Expansion of scope of the nisin A biosynthesis by ncAAs. The biosynthetic production of active nisin involves the expression of peptide precursors with 20 canonical amino acids as standard building blocks, followed by posttranslational modifications (PTMs). The active form of natural nisin is characterized by the presence of unusual posttranslationally introduced bridge structures known as lanthionines (depicted in orange). It is generally expected that the incorporation of ncAAs (i.e., co-translational modifications) along with post-synthetic modification options (e.g., click chemistry) will create additional functional and structural levels of RiPPs diversification. For example, new variants with improved properties such as stability, specificity, bioavailability, action spectrum and half-life could be created.
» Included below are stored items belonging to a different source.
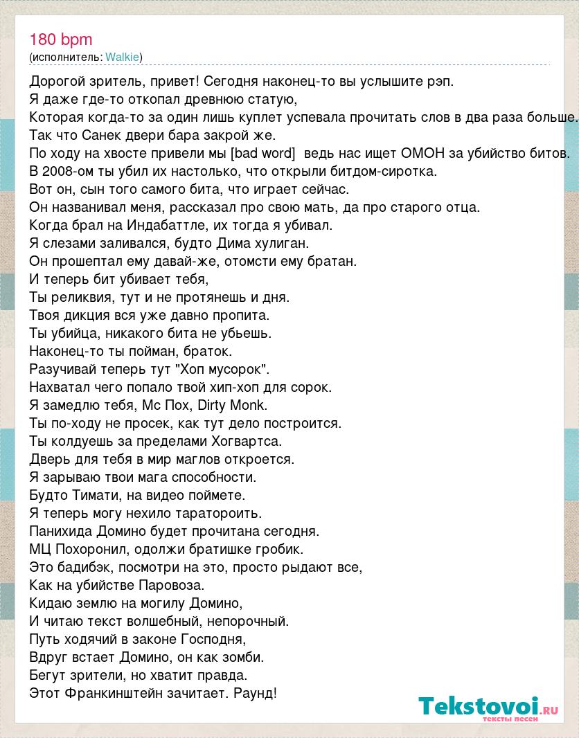 Дорогой зритель, привет! Сегодня наконец-то вы услышите рэп. Я даже где-то откопал древнюю статую, Которая когда-то за один лишь куплет успевала прочитать слов в два раза больше. Так что Санек двери бара закрой же. По ходу на хвосте привели мы [bad word] ведь нас ищет ОМОН за убийство битов. В 2008-ом ты убил их настолько, что открыли битдом-сиротка. Вот он, сын того самого бита, что играет сейчас. Он названивал меня, рассказал про свою мать, да про старого отца. Когда брал на Индабаттле, их тогда я убивал. Я слезами заливался, будто Дима хулиган. Он прошептал ему давай-же, отомсти ему братан. И теперь бит убивает тебя, Ты реликвия, тут и не протянешь и дня. Твоя дикция вся уже давно пропита. Ты убийца, никакого бита не убьешь. Наконец-то ты пойман, браток. Разучивай теперь тут "Хоп мусорок". Нахватал чего попало твой хип-хоп для сорок. Я замедлю тебя, Mc Пох, Dirty Monk. Ты по-ходу не просек, как тут дело построится. Ты колдуешь за пределами Хогвартса. Дверь для тебя в мир маглов откроется. Я зарываю твои мага способности. Будто Тимати, на видео поймете. Я теперь могу нехило таратороить. Панихида Домино будет прочитана сегодня. МЦ Похоронил, одолжи братишке гробик. Это бадибэк, посмотри на это, просто рыдают все, Как на убийстве Паровоза. Кидаю землю на могилу Домино, И читаю текст волшебный, непорочный. Путь ходячий в законе Господня, Вдруг встает Домино, он как зомби. Бегут зрители, но хватит правда. Этот Франкинштейн зачитает. Раунд!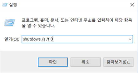 shutdown /s /t 0 : 0초 후 컴퓨터 종료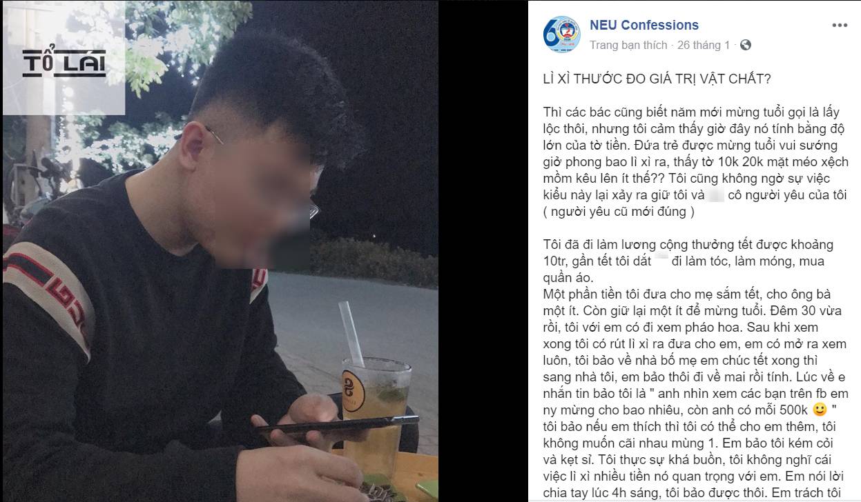 Đó cũng là câu chuyện đáng buồn của một thanh niên trong dịp Tết này, vừa được chia sẻ trên trang NEU Confession đang nhận được nhiều sự chú ý của CĐM. Theo đó, anh chàng đi làm được lương tháng khoảng 10 triệu đồng, đến dịp Tết, anh chàng cũng không tiếc tiền dẫn bạn gái đi làm tóc, làm móng tay chân và mua quần áo. Đến dịp giao thừa, anh bạn còn bỏ vào bao lì xì 500.000 đồng để “mừng tuổi” bạn gái, lấy lộc đầu năm. Những tưởng cô bạn sẽ vui mừng và cảm động, nào ngờ, cô bạn liền mở bao lì xì ra xem và bắt đầu giận dỗi, thậm chí chửi mắng anh chàng này là kém cỏi và kẹt sỉ…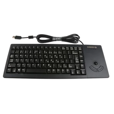 Cherry XS Trackball Keyboard G84-5400. The Cherry "XS Trackball Keyboard" (G84-5400) combines comfortable mouse control with compact dimensions. Via the optical trackball with two mouse keys, the cursor can be controlled easily and precisely. Optical trackball with two mouse buttons for easy control of the cursor High degree of reliability and precise keystroke feel thanks to individual keys with Gold Crosspoint contacts Long operating life in excess of 20 million key confirmations per individual key Compact dimensions:374x139x20mm Ideal for19" applications Lightweight Plug and Play Supports Code Set 3 and UnifiedPOS Fastening option for permanent installation Detachable pluggable feet for individually adjusting the tilt of the keyboard Freely programmable keys for even more time-saving operation Cable Length: approx. 2.5m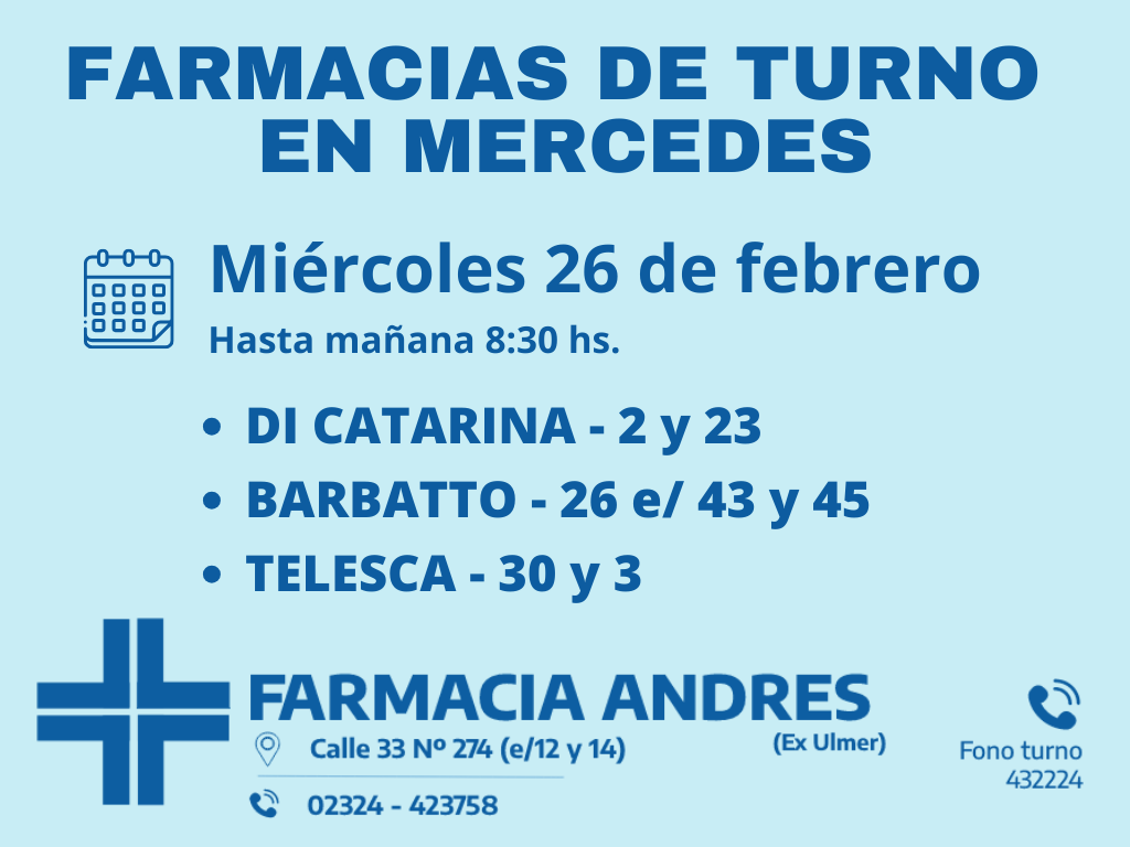 Desde las 8:30 del día de hoy hasta la misma hora de mañana, las farmacias de turno en Mercedes son: Di Catarina, Barbatto y Telesca.

This is particularly important in view of the fact that nisin is highly effective against a number of human clinical pathogens, including many multi-drug resistant strains (Piper et al., 2009). In recent years it has been clearly demonstrated that several variants of nisin increase activity or stability in different experimental setups (reviewed in Field et al., 2015).

FIGURE 6

Incorporation of Met analogs into the one subunit of the two-component lantibiotic lichenicidin using the SPI method. Top left: Structures of methionine and its analogs. Met, L-methionine; Aha, L-azidohomoalanine; Hpg, L-homopropargylglycine; Nle, L-norleucine and Eth, L-ethionine. These analogs were used to individually replace Met residues in the precursor peptide of lichenicidin (bottom right), which was also analytically confirmed (bottom left). The substituted α-peptide of lichenicidin underwent PTM-activity, whereby the linear precursor peptide was converted into a polycyclic form that exhibits antimicrobial activity when mixed with the β-peptide (top right). For more details see Oldach et al. (2012). Most recently, Kuipers and co-workers have demonstrated the use of click chemistry in the engineering of nisin by using SPI with the methionine analogs Hpg and Aha (Deng et al., 2020).

FIGURE 7

Flow chart of the SPI and SCS methods. Both methods can be performed separately or combined in a single expression experiment (Hoesl and Budisa, 2011). Further details, advantages and disadvantages of both methods are described in the text.